WHAT YOU HAVE TO DO — Transcribe the data that follows in full. Leave out the pictures.

[RECORDS FOR THIS EXERCISE — start]

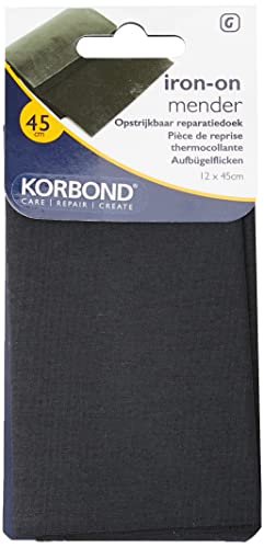 KORBOND Bomull Extra brett järn på herr – svart – 12 cm x 45 cm – osynlig permanent lagning – ingen sömnad krävs – perfekt för kläder och plagg: Byxor, klänningar, jeans, jumpers, linne, skola
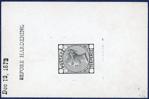 £3,750.00| /Great Britain 1872 10d die proof, SG112var. A very fine example printed in black on white glazed card (61x92mm) with corner letters and plate numbe...
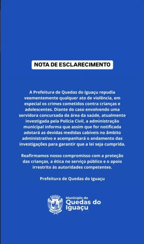 A investigada, servidora concursada da área da saúde, foi levada à Delegacia. A Prefeitura de Quedas do Iguaçu emitiu nota repudiando o caso e informou que tomará medidas administrativas após a notificação oficial.
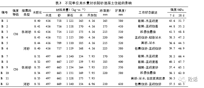 綜上所述,由于機(jī)制砂混凝土的強(qiáng)度高于天然河砂混凝土的,同等水膠比條件下強(qiáng)度明顯富余充足,因此進(jìn)行配合比設(shè)計(jì)時(shí),在保持膠凝材料不變的情況下,用水量可以在河砂的基礎(chǔ)上適當(dāng)提高7~15kg/m3,其強(qiáng)度仍能滿足設(shè)計(jì)要求,并能讓混凝土拌合物達(dá)到良好的工作性能。
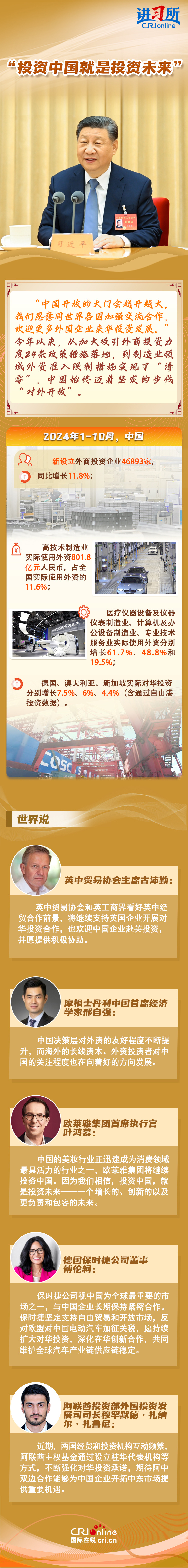 “中國是實干家、行動派。”今年以來,從習近平主席的歐洲之行到拉美之行,再到四天前在北京會見主要國際經(jīng)濟組織負責人,習近平一直強調(diào),中國的發(fā)展將給世界帶來巨大機遇。據(jù)聯(lián)合國貿(mào)易和發(fā)展會議不久前發(fā)布的《世界投資報告2024》中文版顯示,中國吸引外資的結(jié)構(gòu)不斷優(yōu)化、質(zhì)量不斷提高,多位政商界人士也認為中國是一個非常有前景的市場,投資中國就是投資未來。

[RECORDS FOR THIS EXERCISE — finish]

RESPONSE TO THIS EXERCISE —
 KORBOND Bomull Extra brett järn på herr – svart – 12 cm x 45 cm – osynlig permanent lagning – ingen sömnad krävs – perfekt för kläder och plagg: Byxor, klänningar, jeans, jumpers, linne, skola
 £3,750.00| /Great Britain 1872 10d die proof, SG112var. A very fine example printed in black on white glazed card (61x92mm) with corner letters and plate numbe...
 A investigada, servidora concursada da área da saúde, foi levada à Delegacia. A Prefeitura de Quedas do Iguaçu emitiu nota repudiando o caso e informou que tomará medidas administrativas após a notificação oficial.
 綜上所述,由于機(jī)制砂混凝土的強(qiáng)度高于天然河砂混凝土的,同等水膠比條件下強(qiáng)度明顯富余充足,因此進(jìn)行配合比設(shè)計(jì)時(shí),在保持膠凝材料不變的情況下,用水量可以在河砂的基礎(chǔ)上適當(dāng)提高7~15kg/m3,其強(qiáng)度仍能滿足設(shè)計(jì)要求,并能讓混凝土拌合物達(dá)到良好的工作性能。
 “中國是實干家、行動派。”今年以來,從習近平主席的歐洲之行到拉美之行,再到四天前在北京會見主要國際經(jīng)濟組織負責人,習近平一直強調(diào),中國的發(fā)展將給世界帶來巨大機遇。據(jù)聯(lián)合國貿(mào)易和發(fā)展會議不久前發(fā)布的《世界投資報告2024》中文版顯示,中國吸引外資的結(jié)構(gòu)不斷優(yōu)化、質(zhì)量不斷提高,多位政商界人士也認為中國是一個非常有前景的市場,投資中國就是投資未來。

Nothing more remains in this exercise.